Bu 3 günlük kanyon keşif faaliyetinde, toplamda 9 kilometrelik bir alan tarandı ve 19 şelale keşfedildi. Bu şelaleler arasında en yüksekleri sırasıyla 30, 20, 15 ve 12 metre yüksekliğinde bulunuyor. Bununla birlikte, 5 metreden daha kısa olan birçok şelale kayda alınmadı.
Uzman ekip, kanyonun suyunun kimyasal özellikleri ve temizliği bakımından eşi benzeri olmadığını ve suyun berraklığı ile temizliğinin muhteşem olduğunu belirtti.
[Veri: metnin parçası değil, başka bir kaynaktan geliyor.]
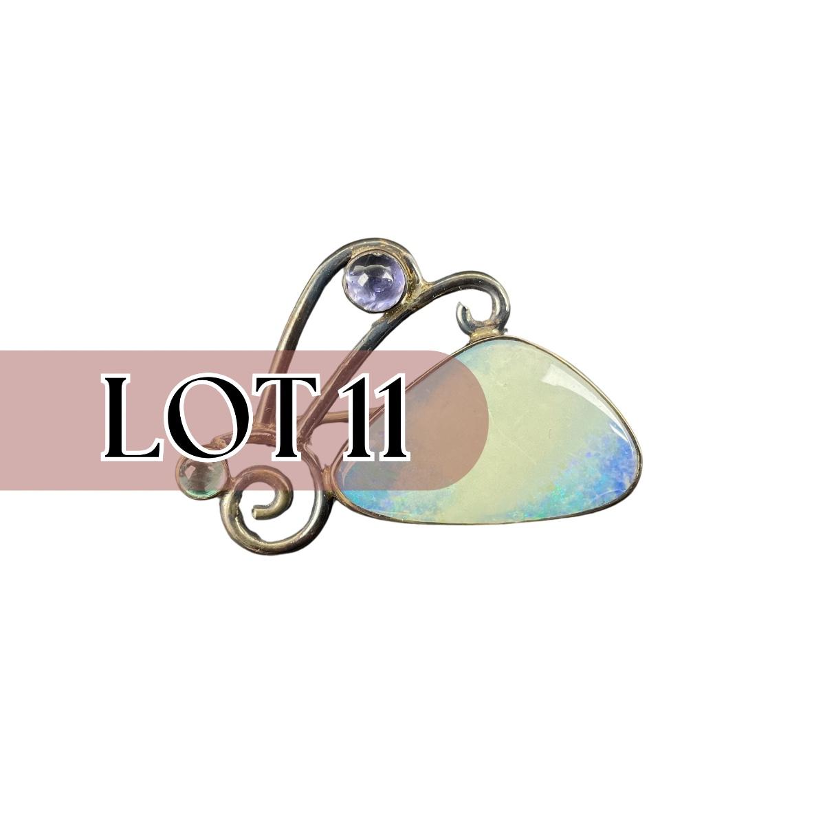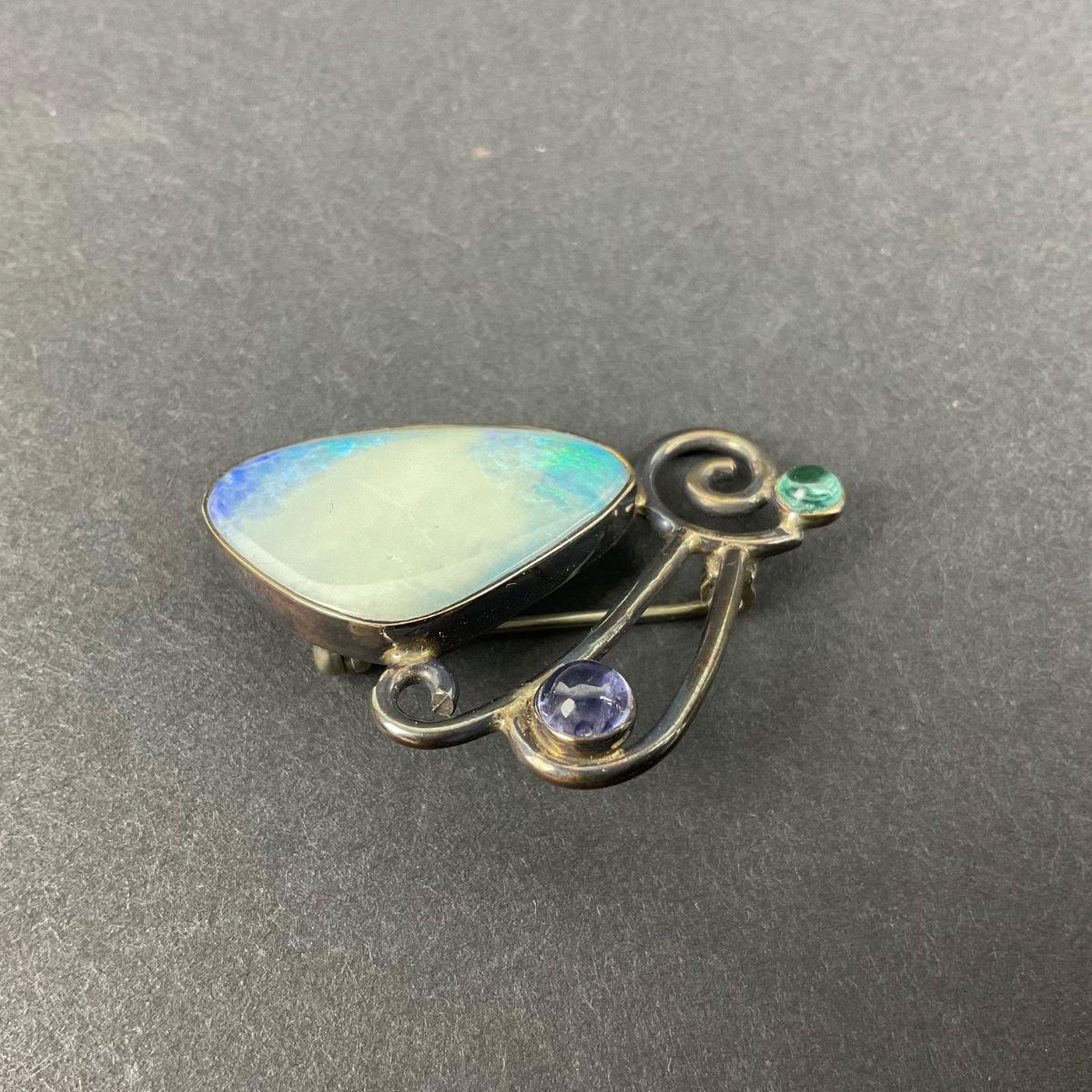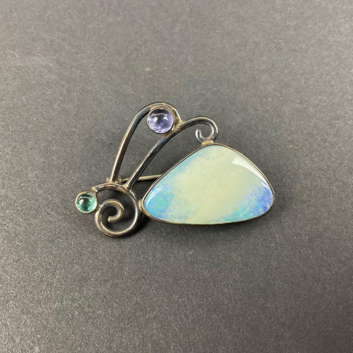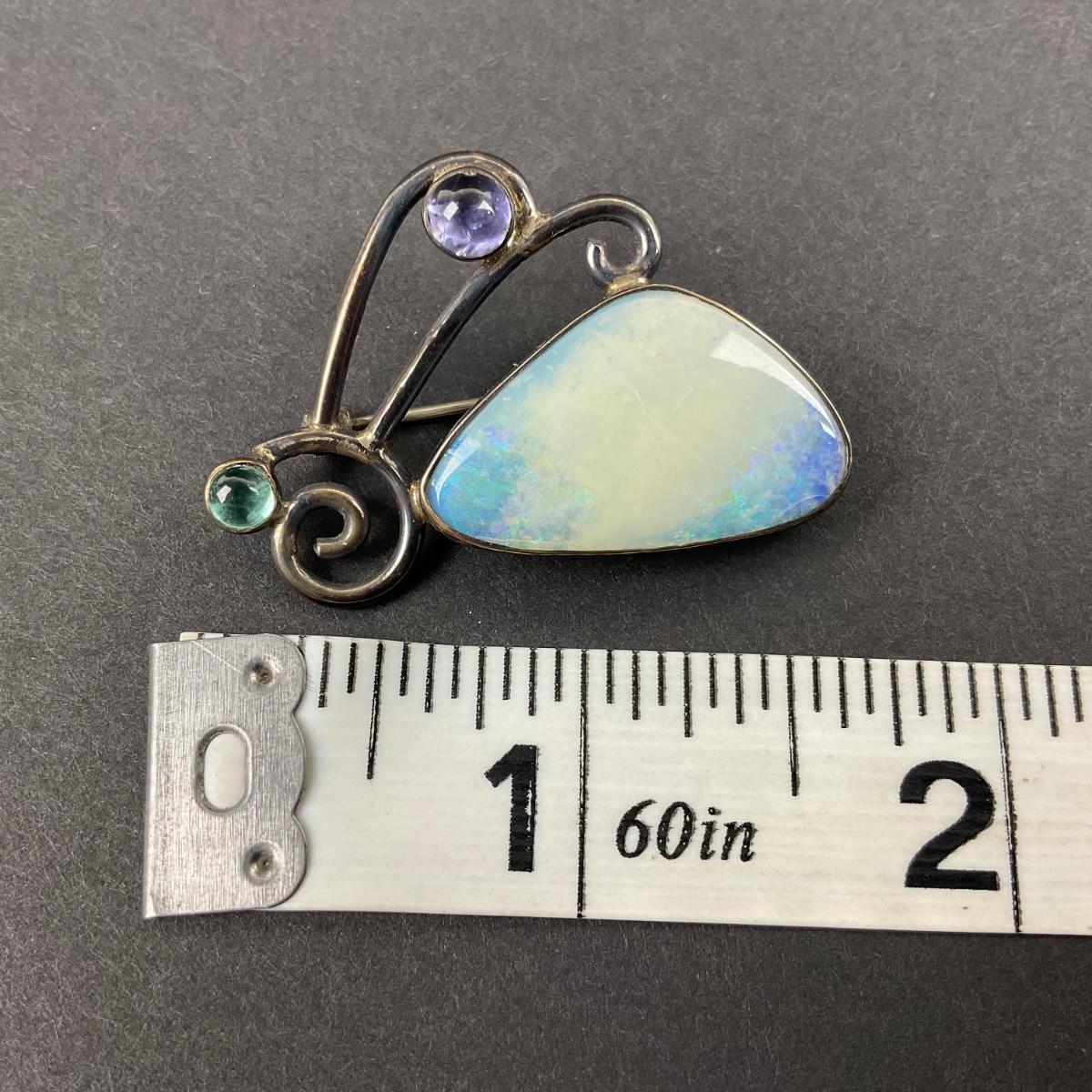 -11- STERLING | GFMW Marked Opal & Stone Brooch | Marked
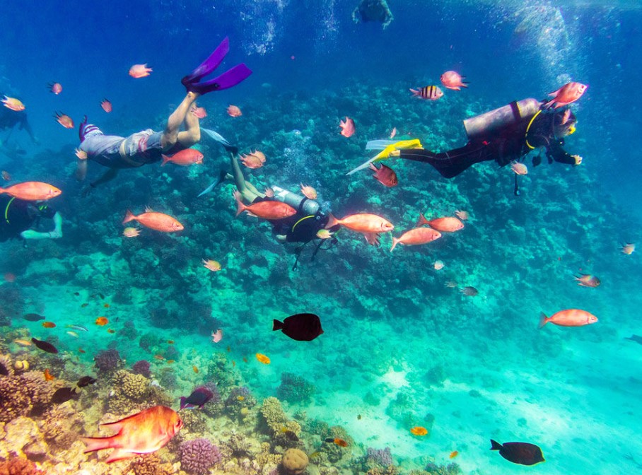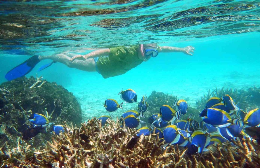 🔹 Снорклинг на местном рифе: тропические рыбы, морские звёзды, мурены, скаты

Bu vadinin tam ortasında, dağın iki yamacından kükürtlü ve mineralli sıcak suların karıştığı, içilebilir nitelikte ve berraklığa sahip bir su kaynağı bulunuyor. Bunun yanı sıra su karışımından sonra kanyonun devamında traverten oluşumları da gözlemlendi.
Kanyonun zengin doğal yaşamı da dikkate alındığında, sadece Amanoslar'a özgü olan kuyruklu kurbağaların yanı sıra birçok endemik bitki ve hayvan türü de gözlemlendi.
Kanyonun zorluk derecesi, su için 4 derece, dikey zorluk için 5 derece ve görsel güzellik için ise dünya çapında en iyi kalite olan 3 yıldız olarak değerlendirildi.
Bu unutulmaz doğa keşfinin gerçekleşmesine katkı sağlayan Doğa Koruma Milli Parklar Şube Müdürlüğü, Orman İşletme Müdürlüğü ve Türkiye Dağcılık Federasyonu gibi kurumlar ve uzmanlar büyük bir başarıya imza attı.